What are the names of the miners who died in the Emu Mine Disaster?

The mineworker’s names were:

Brett Ronald HANSSON age 27
Terreance Michael MARTIN age 28
Kerry William PETERS age 35
Timothy Henry PROCTOR age 30
Darryl Lyall SANDFORD age 27
Darrin WILLIAMS age 23 

What was the primary cause of the Emu Gold Mine disaster?

Inadequate inrush prevention i.e. physical barriers to prevent water entering the underground mine.

What was done as a result of the disaster?


The Western Australian State Government passed new legislation in 1994 and 1995 requiring employers to provide and maintain a working environment that does not expose employees to hazards. The legislation requires mine operators to submit a project management plan to the department at the start of mining operations, including an assessment of major risks associated with the mine and strategies to manage those risks. Flooding, or inrush, was identified as one of the major risks a mine operator must assess in its project management plan.

Circumstances and events leading up to the disaster


Excerpt from Report WA Department of Mines – According to the State Mining Engineer, Mr John Torlach, a relatively small open pit, (the 450 pit), which was previously mined immediately south of the much larger AG pit from which the decline was driven, had been used to accumulate water for process purposes.

The mine is located in an arid region (average annual rainfall 254 mm), and to supplement groundwater make in the 450 pit, water from an adjacent creek system had been diverted into it when infrequent rains caused a brief run in the creek system.

Prior to the commencement of the development of the decline from the base of the main AG pit, a tailings dam wall had been extended to the south and west of the 450 pit so that it obstructed the flow of the main arm of the westerly flowing creek system.

A further significant factor was the mining of a southerly extension of the main AG pit in the upper section, as a result of which the upper sections of both pits were separated by a relatively narrow bridge of weathered surface rock.

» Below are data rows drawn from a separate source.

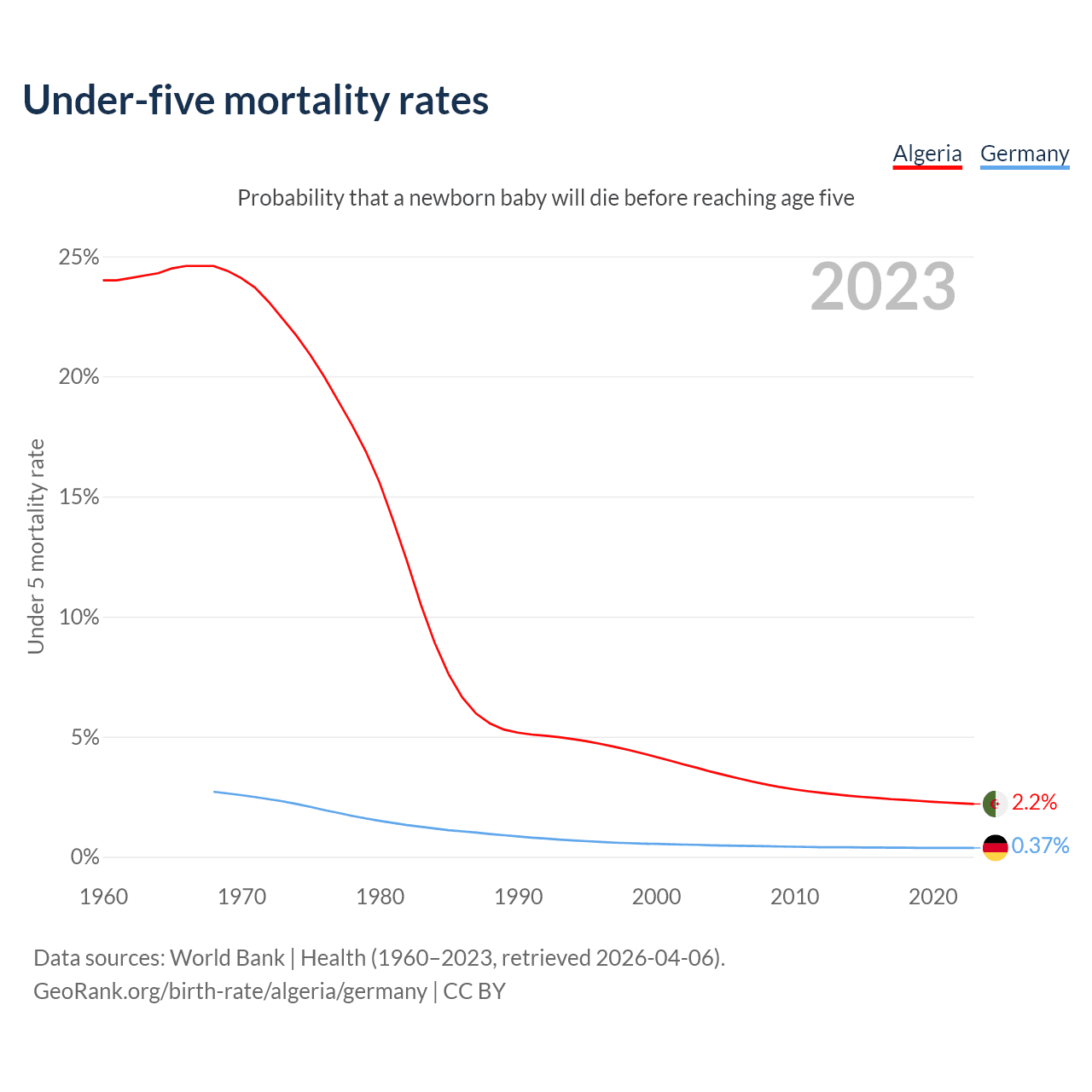 The chance that a newborn baby will die before reaching age five is 2.2% in Algeria and 0.37% in Germany. Above is a chart with historical data on under-five mortality rates.
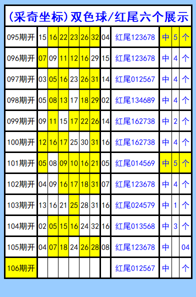 双色球第106期图文(采奇坐标),红尾六个展示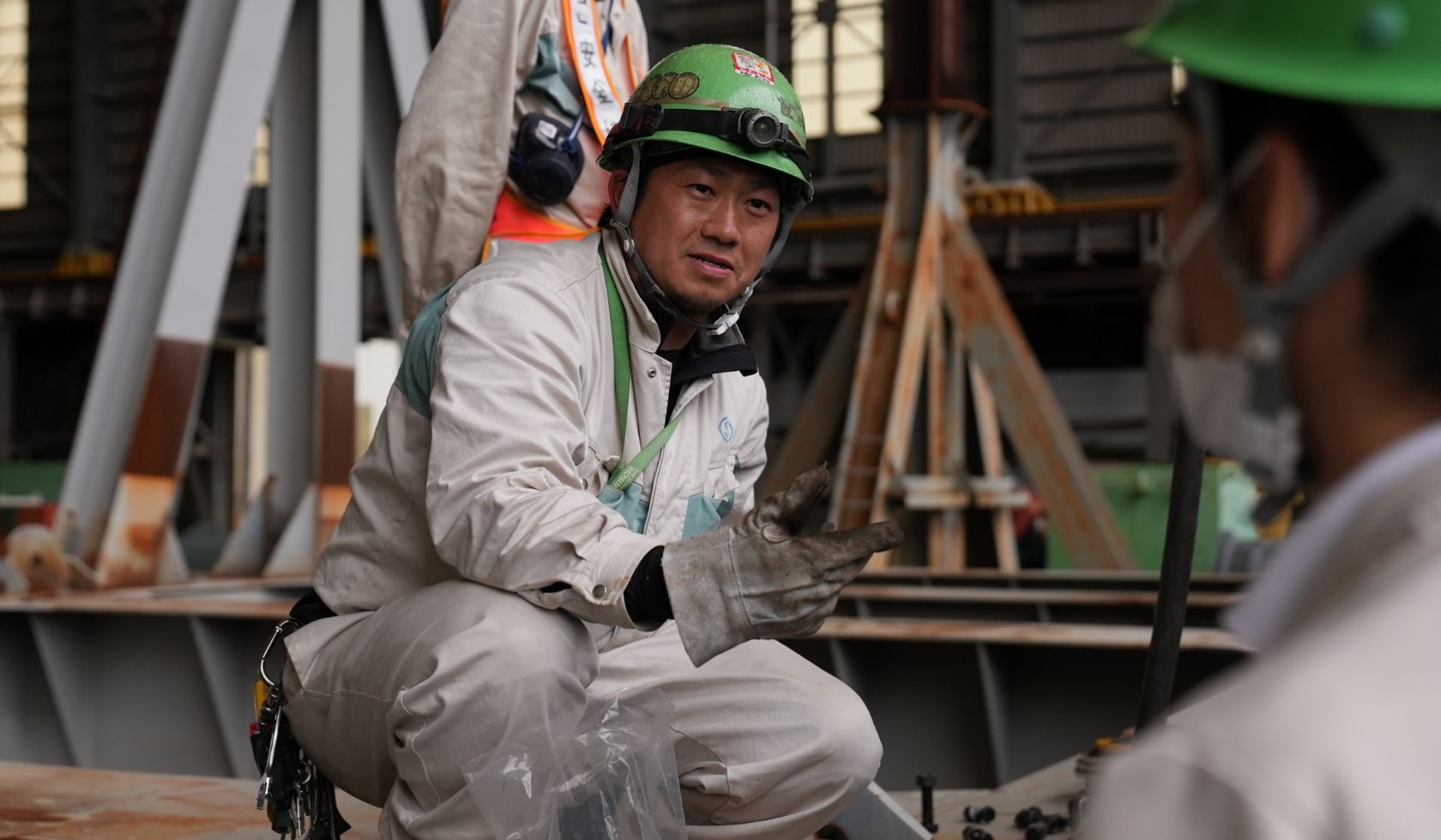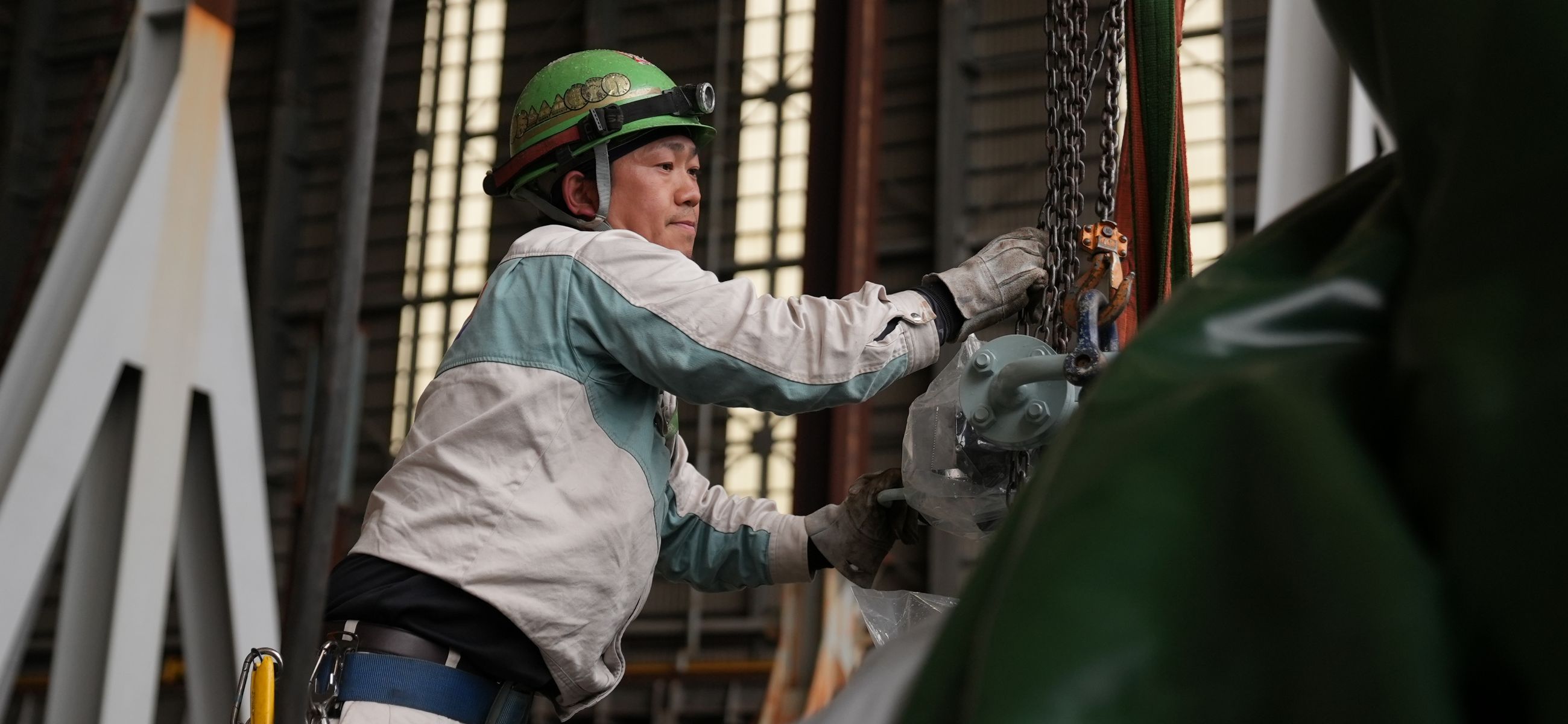 建造船のエンジンルームにおける機関機器や電源装置などの積み込み・据え付け・調整を担当しています。現在は副作業長として、後輩の指導もしながら作業を実施。船種によって機器はさまざまですが、工程通り進めるよう努めています。扱う機器には大きく重いものもあるので、カラダをよく使う仕事です。自分はサッカーや陸上といったスポーツ経験者ですが、同僚もスポーツマンが多いです。

At the same time, the water level in the 450 pit began to rise as the blocked creek system backed up and began to sheet over into it.
The mining crew made preparation to vacate the decline following an early afternoon blast. The afternoon shift was cancelled and all major equipment was withdrawn from the decline.

At about the time water began to overtop the narrow neck of ground between the two pits and to cascade into the south end of the main AG pit, the mining crew (three men), the electrician and the Underground Manager re-entered the decline in a large front-end loader to retrieve a pump. As they did so, the neck of ground separating the pits began to erode rapidly, vastly increasing the rate of water flow into the AG pit.

The attention of the Registered Manager was drawn to this by persons standing at the pit top. The Manager drove into the pit and down into the decline to withdraw the men. During the short time that elapsed after he entered the decline, the water flow became overwhelming and all six men were drowned. Their bodies were subsequently recovered about 100 m from the portal.


The creek water runoff which had accumulated in a broad (although relatively shallow) area south of the 450 pit had run into that pit and thence into the AG pit via the eroded neck between the two.

John Torlach, Western Australia State Mining Engineer

Preventative action from the Emu Gold Mine disaster

Following the Emu Gold Mine Disaster, State Mining Engineer John Torlach recommended a number changes including implementing catastrophic in rush protection in arid flat regions where infrequent but massive rainfall and run off may take place;

Mr Torlach recommended that “the integrity of large scale water pondage or storage adjacent to underground mines must be assured, where such a requirement can not be avoided by its placement elsewhere and that emergency preparedness plans must take account of every conceivable contingency, persons must be practised in such plans, and adequate emergency communication must be provided. This initial advice is necessarily brief but a more complete illustrated report will be prepared for circulation as soon as practicable.”